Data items
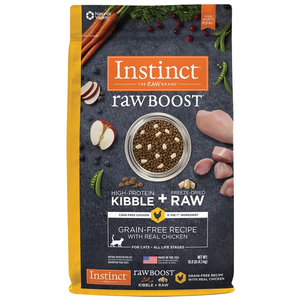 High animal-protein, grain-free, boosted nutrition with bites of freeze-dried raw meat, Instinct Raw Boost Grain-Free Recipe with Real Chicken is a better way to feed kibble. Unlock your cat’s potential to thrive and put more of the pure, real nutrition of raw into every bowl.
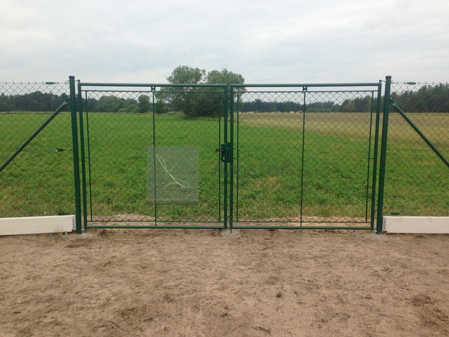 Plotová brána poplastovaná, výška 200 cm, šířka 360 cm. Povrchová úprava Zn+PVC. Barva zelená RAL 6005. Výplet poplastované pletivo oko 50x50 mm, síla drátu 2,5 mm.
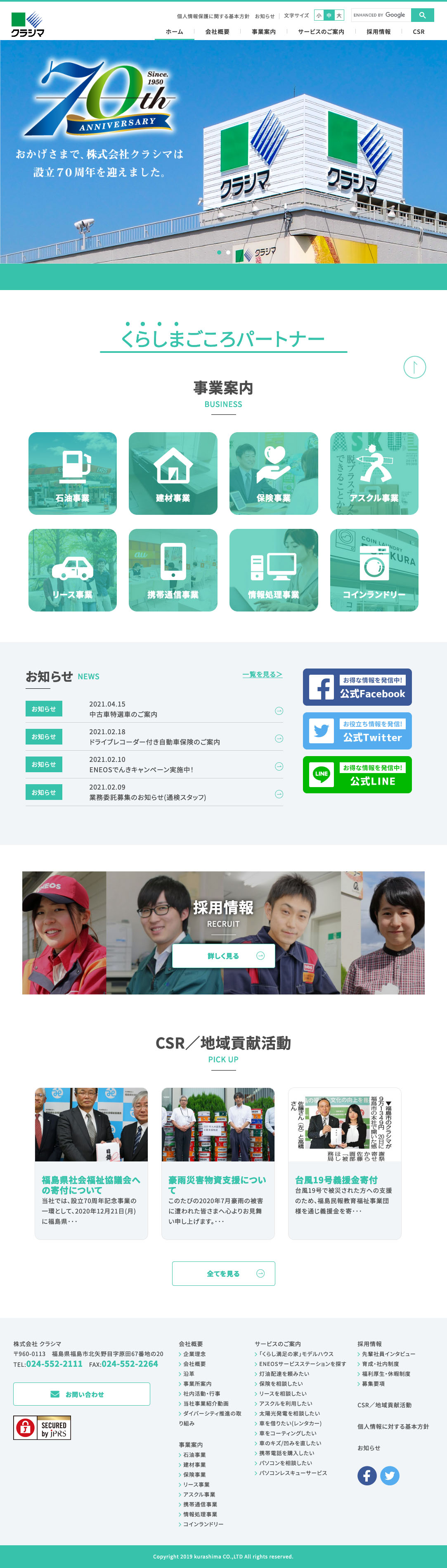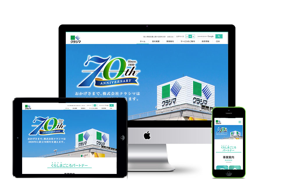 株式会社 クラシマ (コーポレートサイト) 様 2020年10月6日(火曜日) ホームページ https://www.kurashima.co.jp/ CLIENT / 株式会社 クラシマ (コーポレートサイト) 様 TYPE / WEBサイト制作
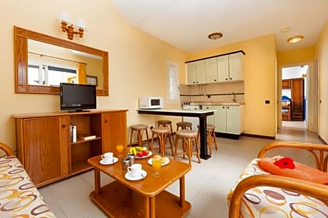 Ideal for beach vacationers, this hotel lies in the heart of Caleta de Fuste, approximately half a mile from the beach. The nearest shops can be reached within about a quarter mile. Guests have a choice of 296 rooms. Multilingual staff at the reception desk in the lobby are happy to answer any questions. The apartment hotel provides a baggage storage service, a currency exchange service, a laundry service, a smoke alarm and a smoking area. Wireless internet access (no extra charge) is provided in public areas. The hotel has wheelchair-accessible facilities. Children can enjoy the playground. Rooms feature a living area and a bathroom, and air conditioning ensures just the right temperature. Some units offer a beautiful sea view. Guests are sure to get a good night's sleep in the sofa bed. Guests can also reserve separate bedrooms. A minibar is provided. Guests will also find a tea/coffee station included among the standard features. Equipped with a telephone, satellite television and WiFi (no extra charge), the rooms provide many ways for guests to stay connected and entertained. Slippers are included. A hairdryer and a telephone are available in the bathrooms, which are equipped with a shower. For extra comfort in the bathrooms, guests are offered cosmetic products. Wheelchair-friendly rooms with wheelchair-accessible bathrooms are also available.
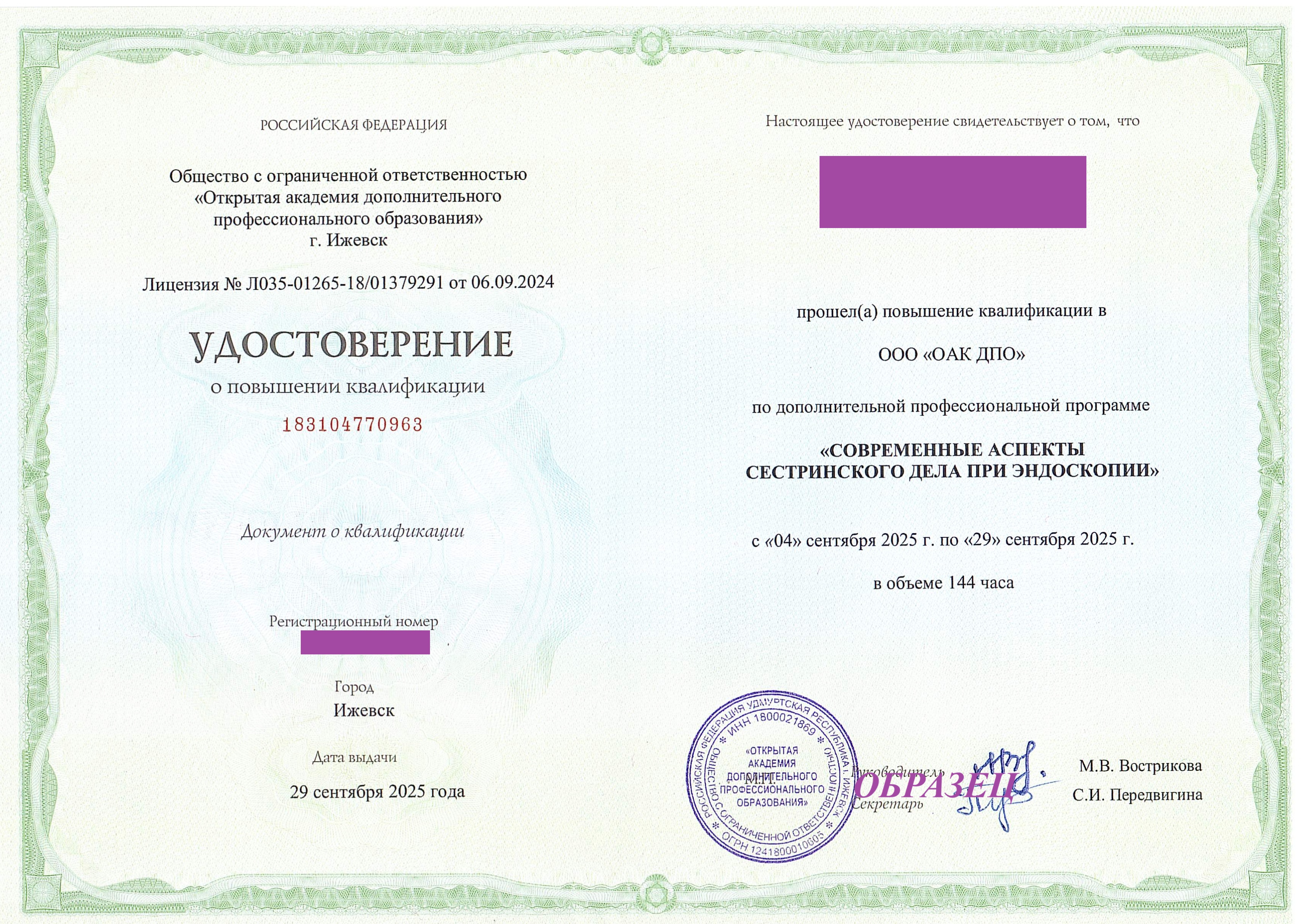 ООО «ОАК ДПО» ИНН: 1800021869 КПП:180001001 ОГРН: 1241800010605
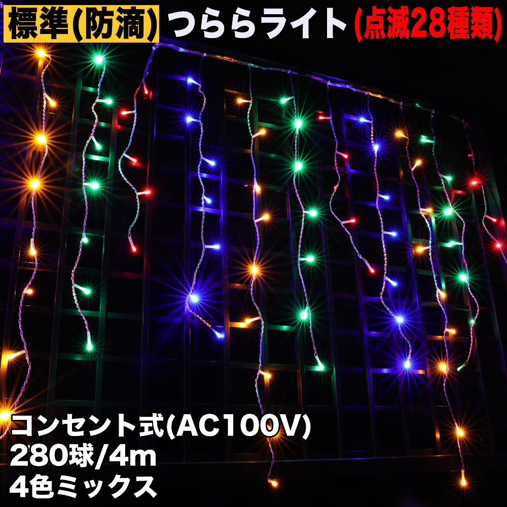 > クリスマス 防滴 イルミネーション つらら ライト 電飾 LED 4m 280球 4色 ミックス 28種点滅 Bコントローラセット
---
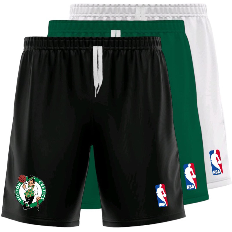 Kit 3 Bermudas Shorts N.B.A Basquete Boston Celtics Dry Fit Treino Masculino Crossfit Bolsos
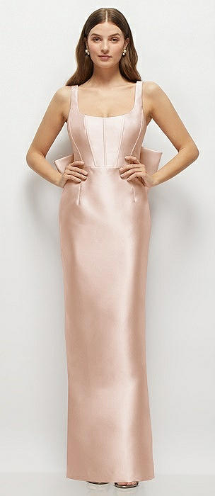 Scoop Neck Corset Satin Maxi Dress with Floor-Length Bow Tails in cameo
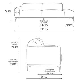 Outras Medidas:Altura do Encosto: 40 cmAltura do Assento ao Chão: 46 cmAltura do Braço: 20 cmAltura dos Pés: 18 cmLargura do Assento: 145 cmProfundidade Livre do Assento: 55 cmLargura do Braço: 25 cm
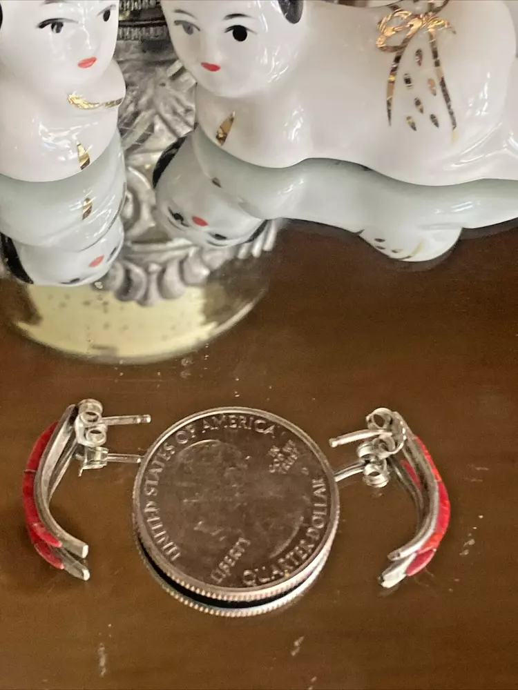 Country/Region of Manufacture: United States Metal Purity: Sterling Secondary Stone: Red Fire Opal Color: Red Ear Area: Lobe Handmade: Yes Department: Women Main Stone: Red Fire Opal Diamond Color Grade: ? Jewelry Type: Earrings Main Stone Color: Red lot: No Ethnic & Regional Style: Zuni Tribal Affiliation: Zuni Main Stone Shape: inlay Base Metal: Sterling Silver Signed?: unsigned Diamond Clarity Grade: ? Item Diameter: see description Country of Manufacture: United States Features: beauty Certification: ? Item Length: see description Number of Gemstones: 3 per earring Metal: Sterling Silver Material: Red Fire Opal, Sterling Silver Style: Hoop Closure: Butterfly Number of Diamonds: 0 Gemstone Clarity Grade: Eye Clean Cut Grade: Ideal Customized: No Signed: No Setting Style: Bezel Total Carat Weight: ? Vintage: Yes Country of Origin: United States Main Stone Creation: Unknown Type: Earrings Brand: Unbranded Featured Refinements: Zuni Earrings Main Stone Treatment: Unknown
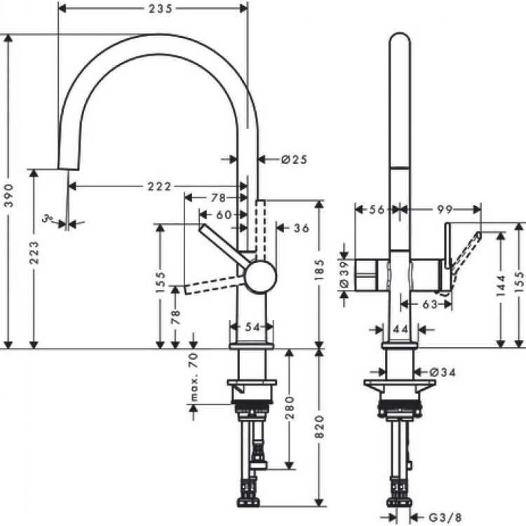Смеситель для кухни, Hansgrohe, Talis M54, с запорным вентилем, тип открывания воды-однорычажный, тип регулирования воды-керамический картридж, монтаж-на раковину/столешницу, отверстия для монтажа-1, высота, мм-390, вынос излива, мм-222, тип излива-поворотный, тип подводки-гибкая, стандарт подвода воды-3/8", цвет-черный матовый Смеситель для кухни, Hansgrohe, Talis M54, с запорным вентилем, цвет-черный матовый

- _Your goal_
Text only, no pictures: please print exactly the lines above from the line with "Kit 3 Bermudas" up to and including the line with "Scoop Neck Corset", and nothing else.

- _Result for this exercise_
 Kit 3 Bermudas Shorts N.B.A Basquete Boston Celtics Dry Fit Treino Masculino Crossfit Bolsos
 Scoop Neck Corset Satin Maxi Dress with Floor-Length Bow Tails in cameo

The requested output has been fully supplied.